Depending on what types of assets an estate is comprised of, the share Revenue Canada takes for their coffers will vary. At death, all property is deemed to be disposed of for tax purposes: RRSPs are fully taxable in the estate: any investments with unrealized gains are taxable; a vacation property may be partially taxable; and probate, administration, legal and executor fees will be taken from the estate. In the case of property moving from one spouse to another, it can be transferred tax free; in most other cases (there are some exceptions) it is taxable.
If the proper planning isn’t done ahead of time, the impact on the estate could be small or it could be devastating. The full value of a particular asset may not be realized in the event of an untimely death. For example, in a bad real estate market, if the children or heirs of an estate do not have enough cash to pay the tax, a home or a cottage may have to be sold below its true value to pay the taxes owing on its deemed disposition.
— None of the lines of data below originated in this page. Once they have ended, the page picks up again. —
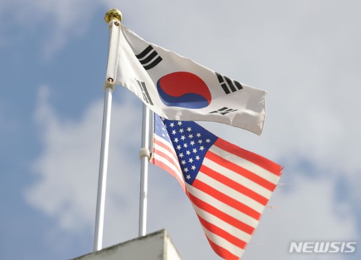 [뉴시스 김금보 기자] 2023년 7월26일 서울 종로구 대한민국역사박물관에서 열린 한미동맹70주년 기념 특별전에 태극기와 성조기가 펄럭이고 있다. 2025.06.27.
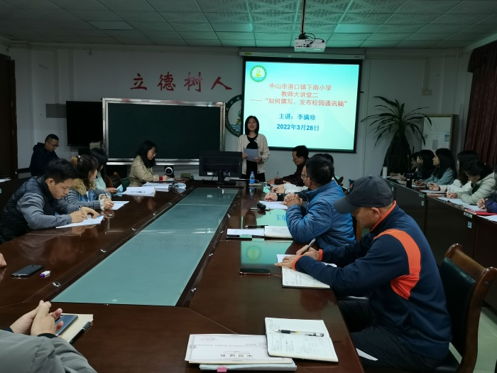 為了提升學校老師撰寫校園通訊稿的質量,提高學校通訊稿的發布率,2022年3月28日下午,在港口鎮下南小學三樓會議室舉行了以“如何撰寫、發布校園通訊稿”為主題的講座。全體教師均參加了本次講座。
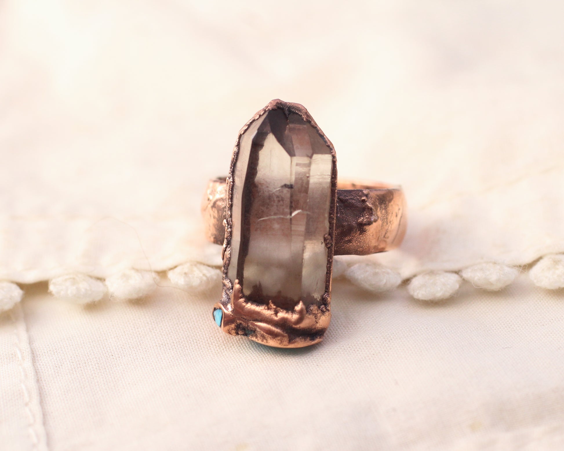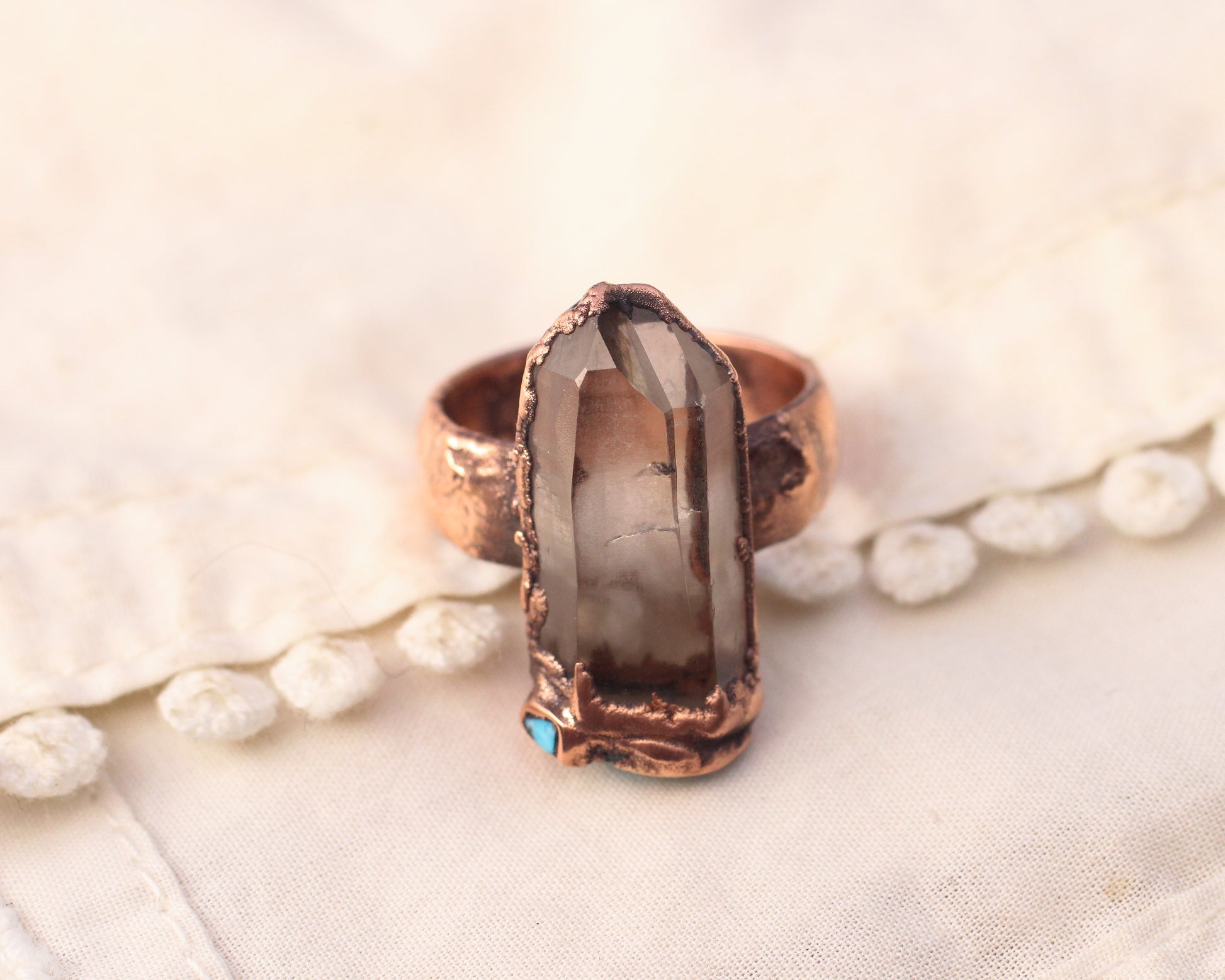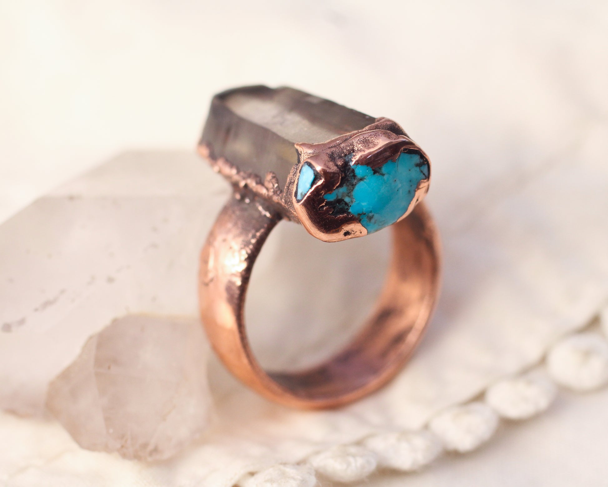 Locally mined Smoky Quartz from the Eastern Sierras, CA paired with inlaid Arizona Turquoise - Copper

Once the owners of the estate are deceased, it is too late to do any planning.
Creating or preserving an estate through life insurance is a tremendous opportunity for people to protect what they have spent their life trying to create – a valuable estate! Insurance creates a large immediate estate and provides a tax-free benefit upon death. Other advantages of insurance are potential creditor protection and avoidance of probate fees because it passes outside the estate. This means that the insurance will not be subject to probate and administration fees or legal action if the Will is challenged or contested.
Preserving an estate through life insurance requires funding. The source of this funding should not be short or medium term savings you will use to buy a car, cottage, clothes, or go on a vacation; it should come from that part of your savings that you will never use in your lifetime. Estate preservation is the ultimate long term planning strategy because its benefits are not realized until death.
Building an estate takes a lifetime, but without planning, tearing it down only takes an instant. Insurance has played a prudent and valuable role in protecting many estates. The financial benefits that insurance offers are obvious, but the peace of mind it offers cannot be measured.